■ WHAT THE EXERCISE ASKS
Return the data below exactly as given, except for the images.

■ COLLECTED DATA
------------------------------------------------------------------------
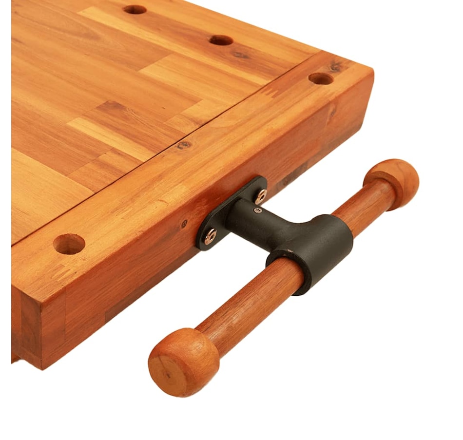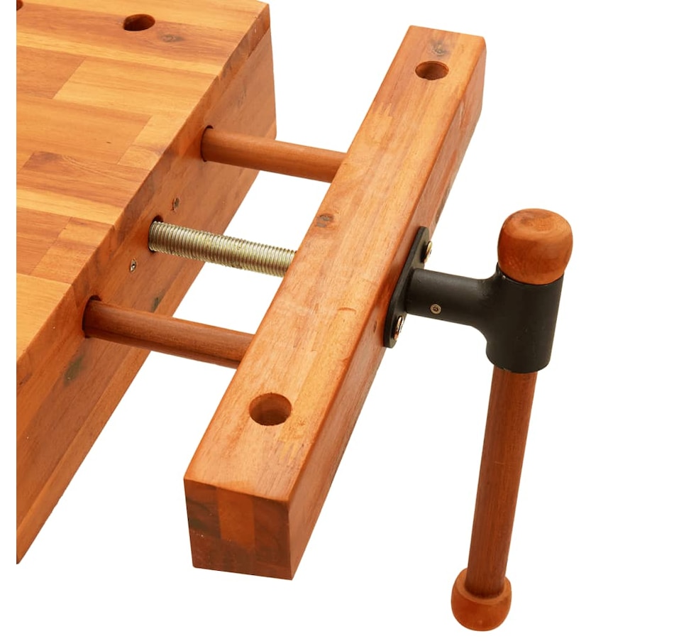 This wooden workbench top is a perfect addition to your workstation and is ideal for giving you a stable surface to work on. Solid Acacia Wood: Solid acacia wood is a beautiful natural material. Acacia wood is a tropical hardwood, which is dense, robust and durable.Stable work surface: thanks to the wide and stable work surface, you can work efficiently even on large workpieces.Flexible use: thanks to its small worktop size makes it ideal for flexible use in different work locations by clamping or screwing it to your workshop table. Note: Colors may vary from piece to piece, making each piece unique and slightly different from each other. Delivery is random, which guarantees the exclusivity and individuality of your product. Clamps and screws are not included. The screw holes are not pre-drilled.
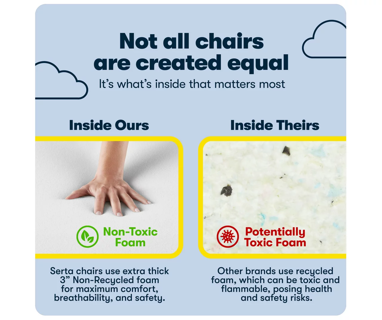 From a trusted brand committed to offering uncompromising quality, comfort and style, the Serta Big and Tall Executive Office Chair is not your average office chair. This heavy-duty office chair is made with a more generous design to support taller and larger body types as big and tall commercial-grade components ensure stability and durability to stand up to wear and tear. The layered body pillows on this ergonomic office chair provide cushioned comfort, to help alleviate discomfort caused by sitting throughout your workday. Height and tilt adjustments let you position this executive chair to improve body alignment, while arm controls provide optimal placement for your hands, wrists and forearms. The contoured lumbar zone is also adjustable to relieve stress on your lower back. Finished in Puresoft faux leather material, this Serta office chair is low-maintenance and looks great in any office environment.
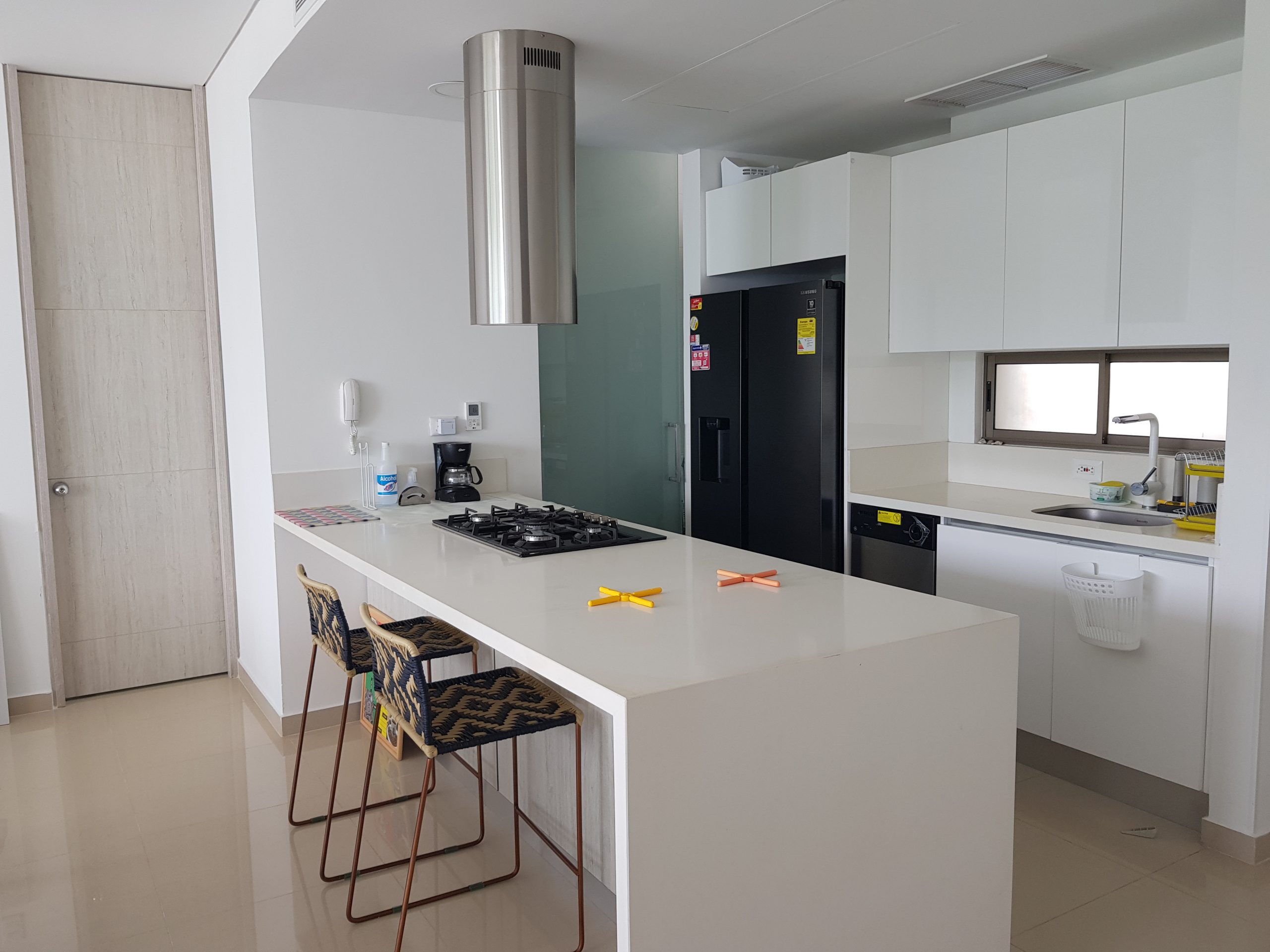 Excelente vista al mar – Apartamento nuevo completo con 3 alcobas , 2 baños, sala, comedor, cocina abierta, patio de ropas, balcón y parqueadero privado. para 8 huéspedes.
------------------------------------------------------------------------
■ ANSWER SECTION
 This wooden workbench top is a perfect addition to your workstation and is ideal for giving you a stable surface to work on. Solid Acacia Wood: Solid acacia wood is a beautiful natural material. Acacia wood is a tropical hardwood, which is dense, robust and durable.Stable work surface: thanks to the wide and stable work surface, you can work efficiently even on large workpieces.Flexible use: thanks to its small worktop size makes it ideal for flexible use in different work locations by clamping or screwing it to your workshop table. Note: Colors may vary from piece to piece, making each piece unique and slightly different from each other. Delivery is random, which guarantees the exclusivity and individuality of your product. Clamps and screws are not included. The screw holes are not pre-drilled.
 From a trusted brand committed to offering uncompromising quality, comfort and style, the Serta Big and Tall Executive Office Chair is not your average office chair. This heavy-duty office chair is made with a more generous design to support taller and larger body types as big and tall commercial-grade components ensure stability and durability to stand up to wear and tear. The layered body pillows on this ergonomic office chair provide cushioned comfort, to help alleviate discomfort caused by sitting throughout your workday. Height and tilt adjustments let you position this executive chair to improve body alignment, while arm controls provide optimal placement for your hands, wrists and forearms. The contoured lumbar zone is also adjustable to relieve stress on your lower back. Finished in Puresoft faux leather material, this Serta office chair is low-maintenance and looks great in any office environment.
 Excelente vista al mar – Apartamento nuevo completo con 3 alcobas , 2 baños, sala, comedor, cocina abierta, patio de ropas, balcón y parqueadero privado. para 8 huéspedes.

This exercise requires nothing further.